Word for word, restate the entries below and exclude every image.

**Given records:**
________________
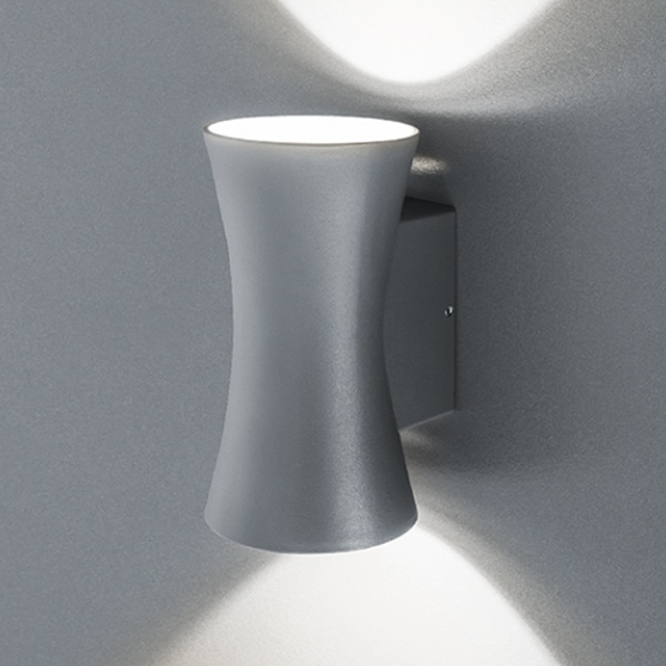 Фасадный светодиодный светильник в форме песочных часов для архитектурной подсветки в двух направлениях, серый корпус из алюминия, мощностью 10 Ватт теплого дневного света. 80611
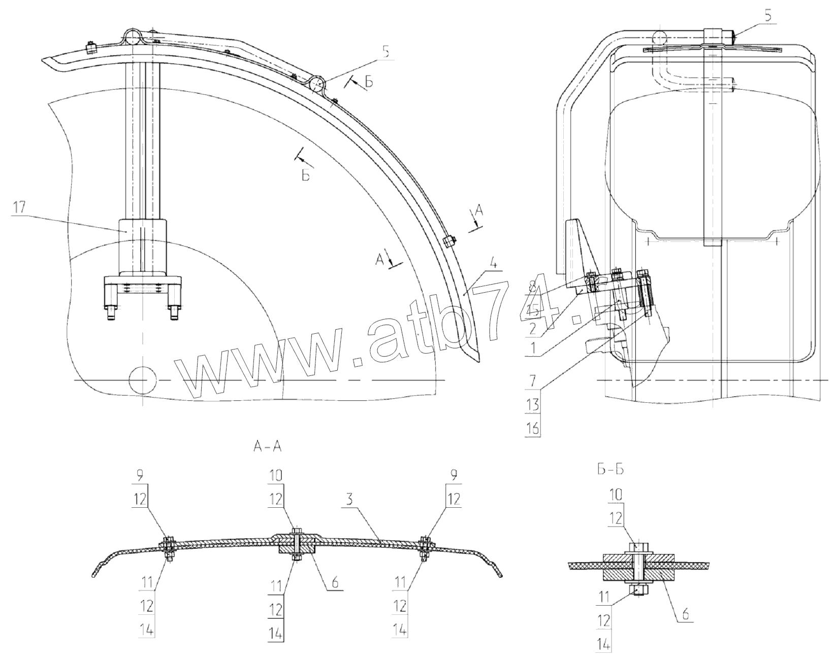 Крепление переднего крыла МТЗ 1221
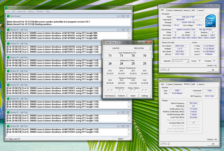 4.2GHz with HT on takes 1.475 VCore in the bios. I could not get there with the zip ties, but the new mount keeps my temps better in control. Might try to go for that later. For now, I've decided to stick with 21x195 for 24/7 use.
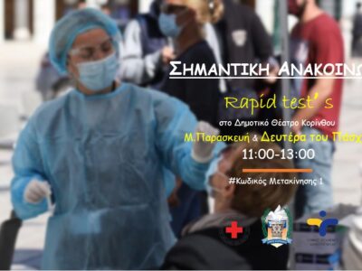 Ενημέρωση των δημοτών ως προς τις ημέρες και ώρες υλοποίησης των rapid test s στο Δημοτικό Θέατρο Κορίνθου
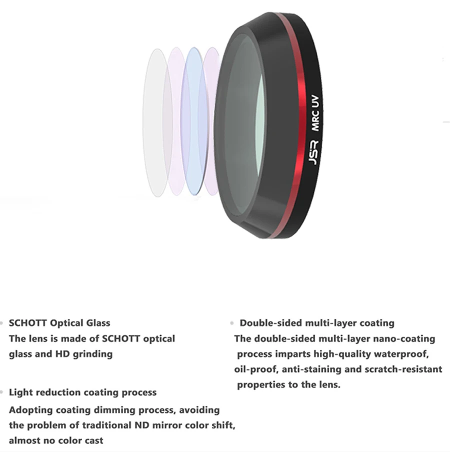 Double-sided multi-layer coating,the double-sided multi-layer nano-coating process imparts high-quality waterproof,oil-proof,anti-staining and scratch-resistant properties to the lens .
________________
**Response to this exercise:**
 Фасадный светодиодный светильник в форме песочных часов для архитектурной подсветки в двух направлениях, серый корпус из алюминия, мощностью 10 Ватт теплого дневного света. 80611
 Крепление переднего крыла МТЗ 1221
 4.2GHz with HT on takes 1.475 VCore in the bios. I could not get there with the zip ties, but the new mount keeps my temps better in control. Might try to go for that later. For now, I've decided to stick with 21x195 for 24/7 use.
 Ενημέρωση των δημοτών ως προς τις ημέρες και ώρες υλοποίησης των rapid test s στο Δημοτικό Θέατρο Κορίνθου
 Double-sided multi-layer coating,the double-sided multi-layer nano-coating process imparts high-quality waterproof,oil-proof,anti-staining and scratch-resistant properties to the lens .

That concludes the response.